Your answer must be an exact copy of the data, without any pictures.

> **DATASET CONTENT**
== == ==

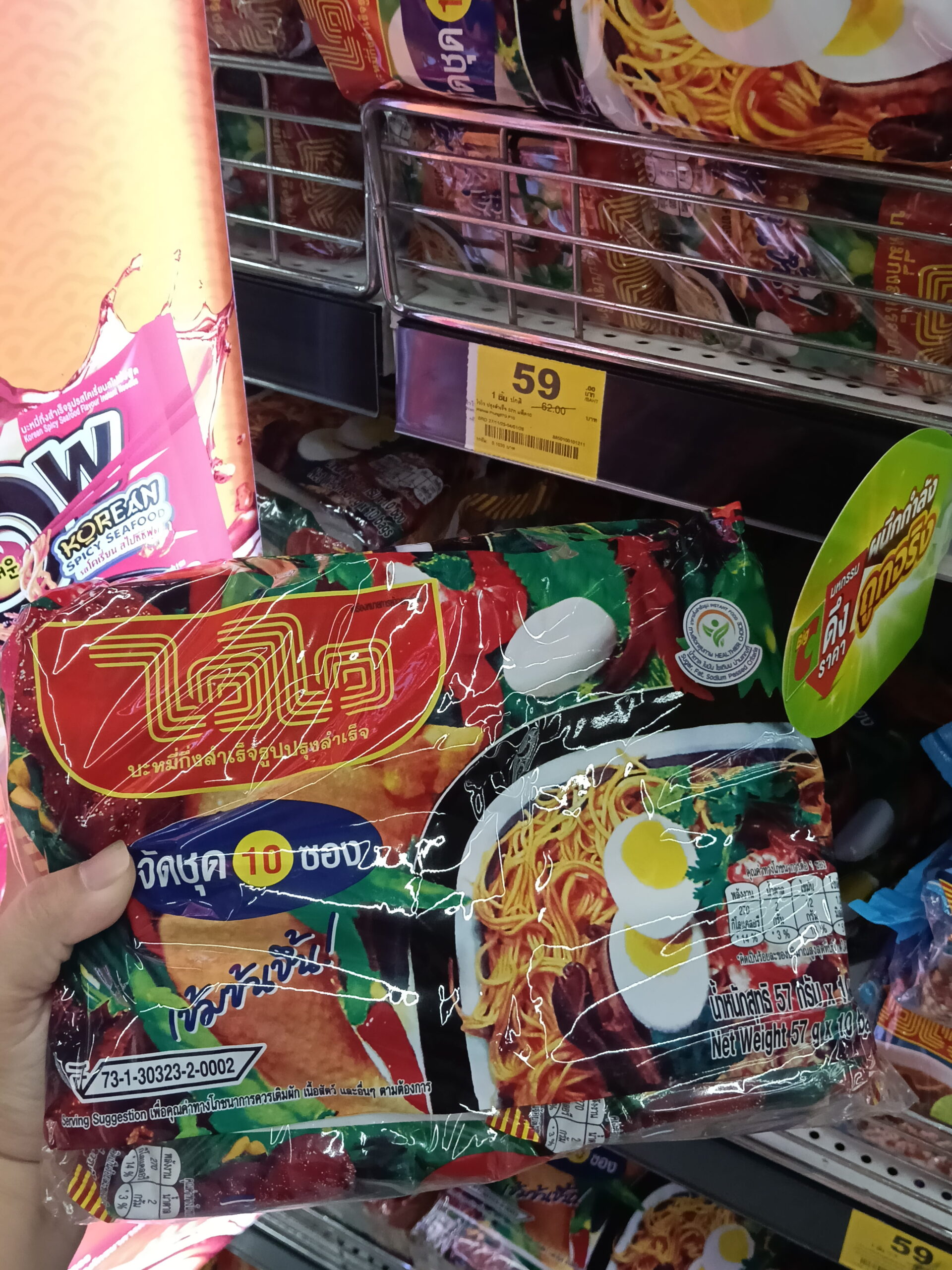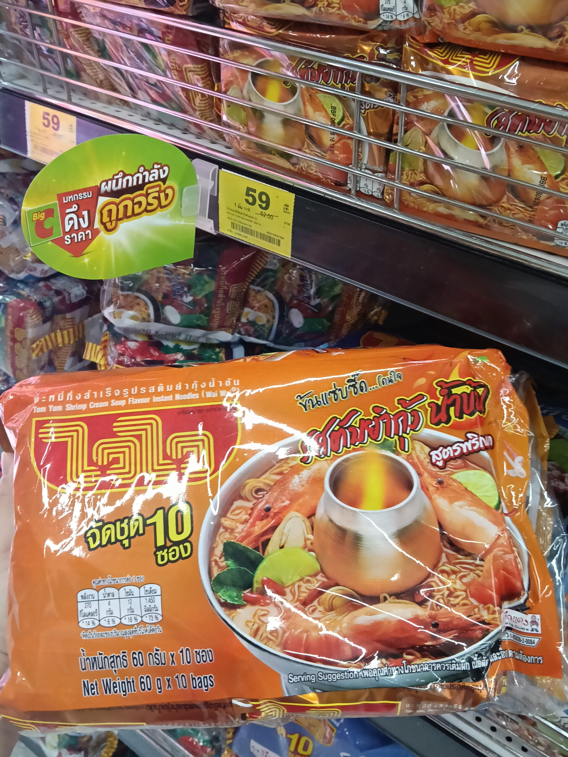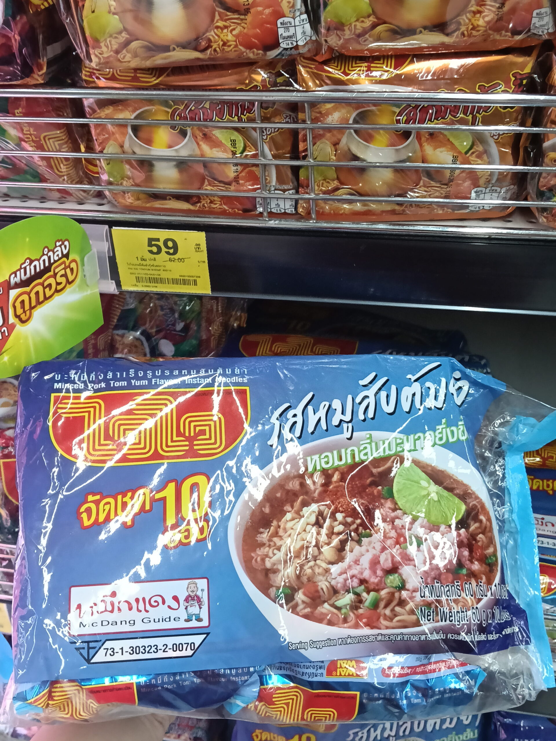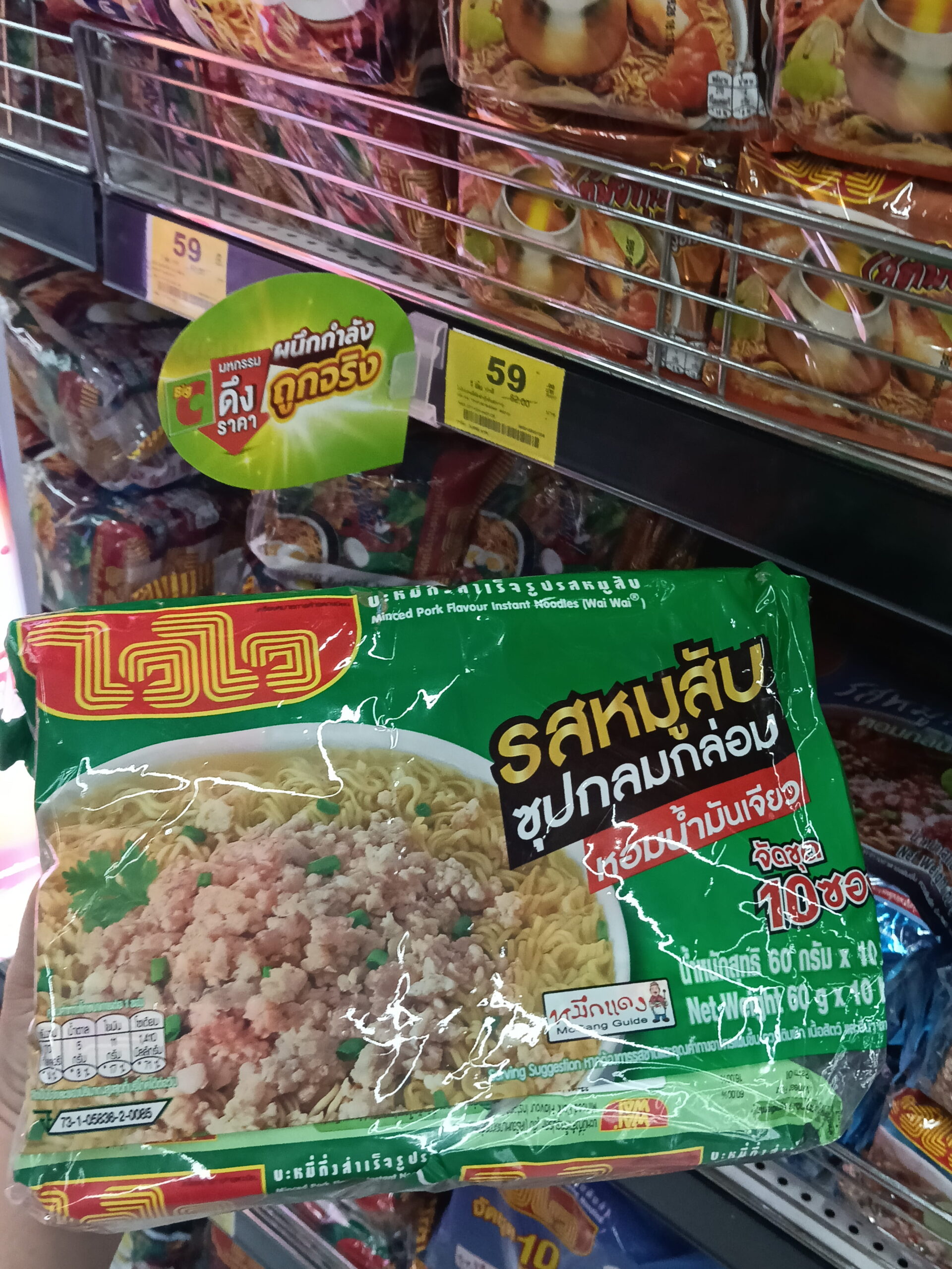 Mì gói ăn liền Wai Wai hương vị Thịt heo bằm Tôm chua cay (Minced Pork Tom Yum Flavour Instant Noodles). Đây là một dòng sản phẩm mì ăn liền rất được ưa chuộng tại Thái Lan.
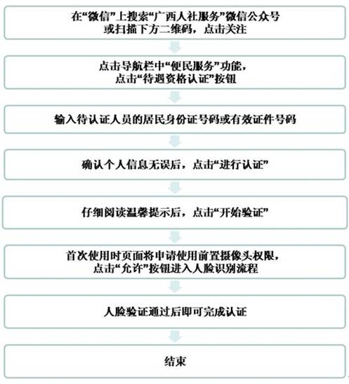 (二)通过智能手机扫描二维码或搜索关注“广西人社服务”微信公众号。(见流程图)
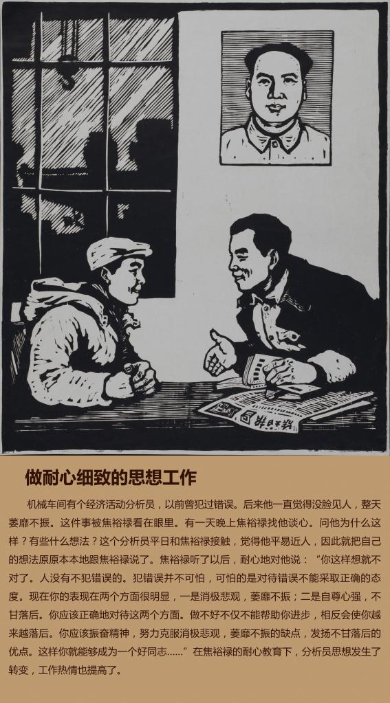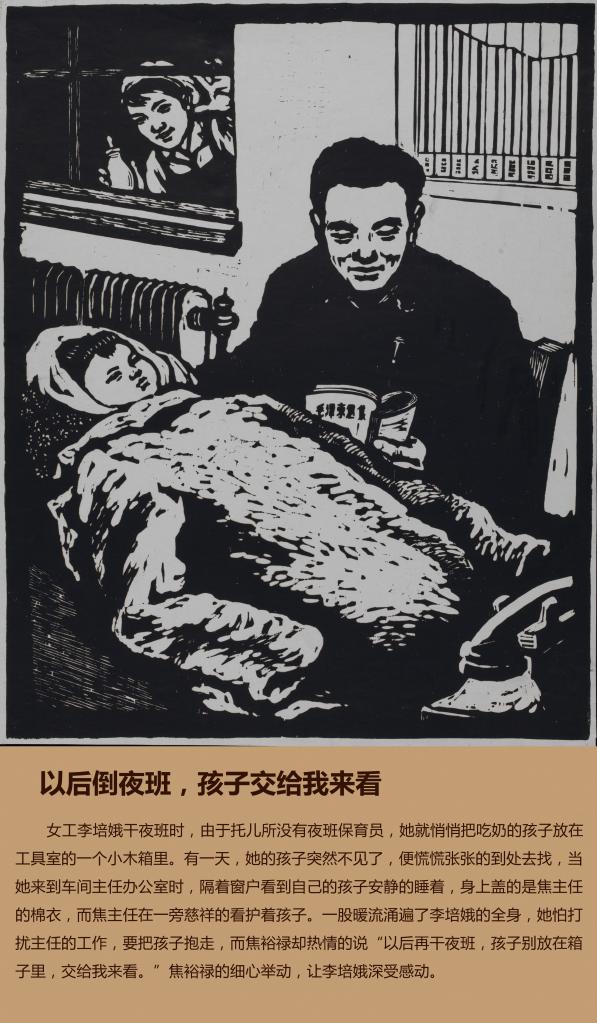 孩子身上盖着焦裕禄的棉衣,睡在焦裕禄的办公桌上,焦裕禄则在旁边看书学习,孩子母亲的笑脸映在窗口。这张木版画,生动地再现了焦裕禄帮夜班女工看孩子的情景。毛淑兰的大女儿刘慧萍说:“我一岁多的时候,焦叔叔也抱过我。”

== == ==

> **SOLUTION**
 Mì gói ăn liền Wai Wai hương vị Thịt heo bằm Tôm chua cay (Minced Pork Tom Yum Flavour Instant Noodles). Đây là một dòng sản phẩm mì ăn liền rất được ưa chuộng tại Thái Lan.
 (二)通过智能手机扫描二维码或搜索关注“广西人社服务”微信公众号。(见流程图)
 孩子身上盖着焦裕禄的棉衣,睡在焦裕禄的办公桌上,焦裕禄则在旁边看书学习,孩子母亲的笑脸映在窗口。这张木版画,生动地再现了焦裕禄帮夜班女工看孩子的情景。毛淑兰的大女儿刘慧萍说:“我一岁多的时候,焦叔叔也抱过我。”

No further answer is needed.